Before users can list or launch clusters, administrators must have configured the necessary settings in the Studio environment. For information on how administrators can configure a Studio environment to allow self-provisioning and listing of Amazon EMR clusters, see Admin guide.

Supported images and kernels to connect to an Amazon EMR cluster from Studio or Studio Classic

The following images and kernels come with sagemaker-studio-analytics-extension, the JupyterLab extension that connects to a remote Spark (Amazon EMR) cluster via the SparkMagic library using Apache Livy.

  • For Studio users: SageMaker Distribution is a Docker environment for data science used as the default image of JupyterLab notebook instances. All versions of SageMaker Distribution come with sagemaker-studio-analytics-extension pre-installed.

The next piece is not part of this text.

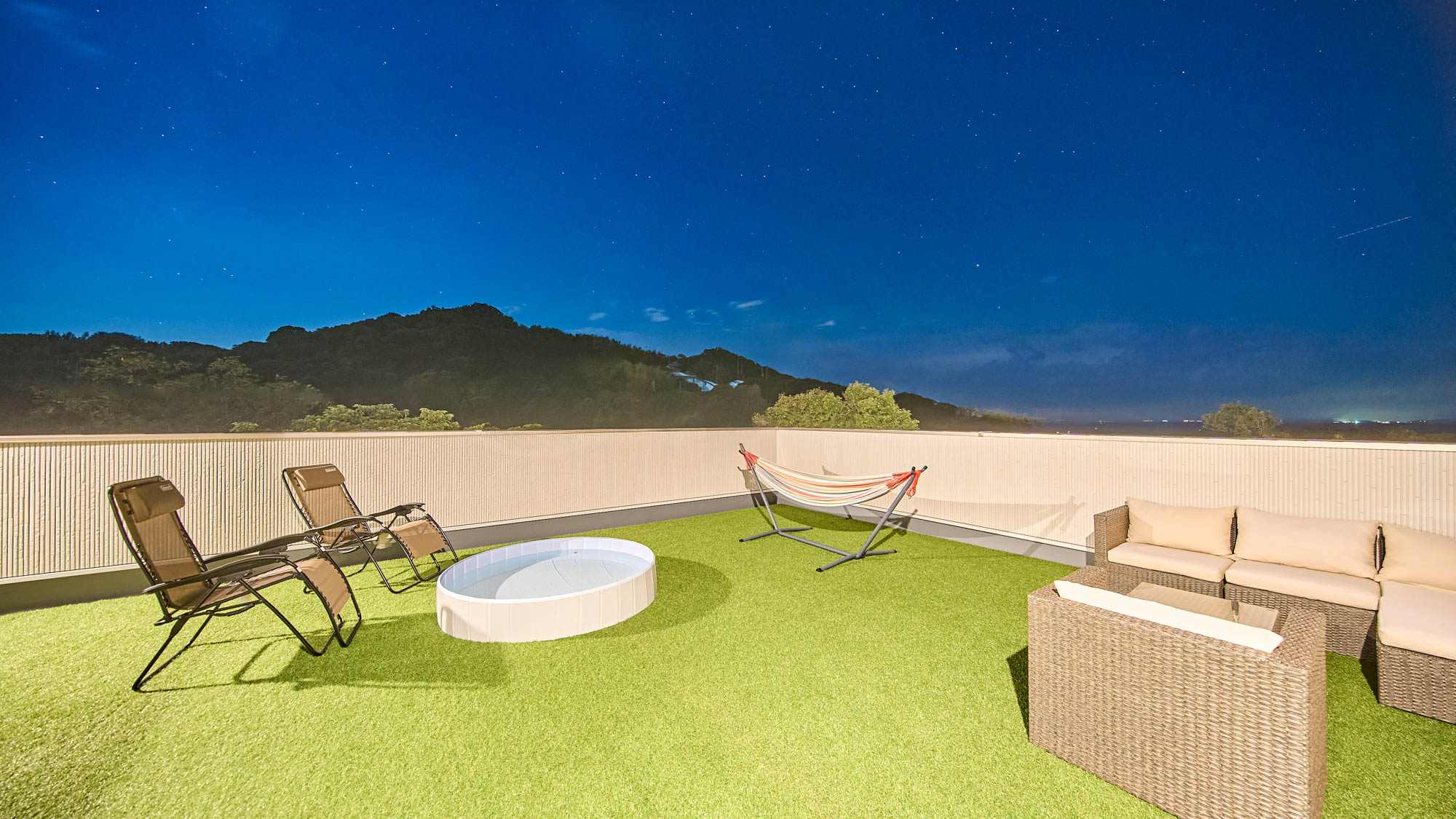 ルーフバルコニーから空を見上げれば、満天の星空がご覧いただけます。まさに天然のプラネタリウムです。大切な家族と愛犬と、ロマンチックなひとときをお過ごしください。08:00

  • For Studio Classic users: The following images come pre-installed with sagemaker-studio-analytics-extension:

    • DataScience – Python 3 kernel

    • DataScience 2.0 – Python 3 kernel

    • DataScience 3.0 – Python 3 kernel

    • SparkAnalytics 1.0 – SparkMagic and PySpark kernels

    • SparkAnalytics 2.0 – SparkMagic and PySpark kernels

    • SparkMagic – SparkMagic and PySpark kernels

    • PyTorch 1.8 – Python 3 kernels

    • TensorFlow 2.6 – Python 3 kernel

    • TensorFlow 2.11 – Python 3 kernel

To connect to Amazon EMR clusters using another built-in image or your own image, follow the instructions in Bring your own image.

Bring your own image

To bring your own image in Studio or Studio Classic and allow your notebooks to connect to Amazon EMR clusters, install the following sagemaker-studio-analytics-extension extension to your kernel. It supports connecting SageMaker Studio or Studio Classic notebooks to Spark(Amazon EMR) clusters through the SparkMagic library.

pip install sparkmagic pip install sagemaker-studio-sparkmagic-lib pip install sagemaker-studio-analytics-extension

Additionally, to connect to Amazon EMR with Kerberos authentication, you must install the kinit client. Depending on your OS, the command to install the kinit client can vary. To bring an Ubuntu (Debian based) image, use the apt-get install -y -qq krb5-user command.

For more information on bringing your own image in SageMaker Studio or Studio Classic, see Bring your own SageMaker image.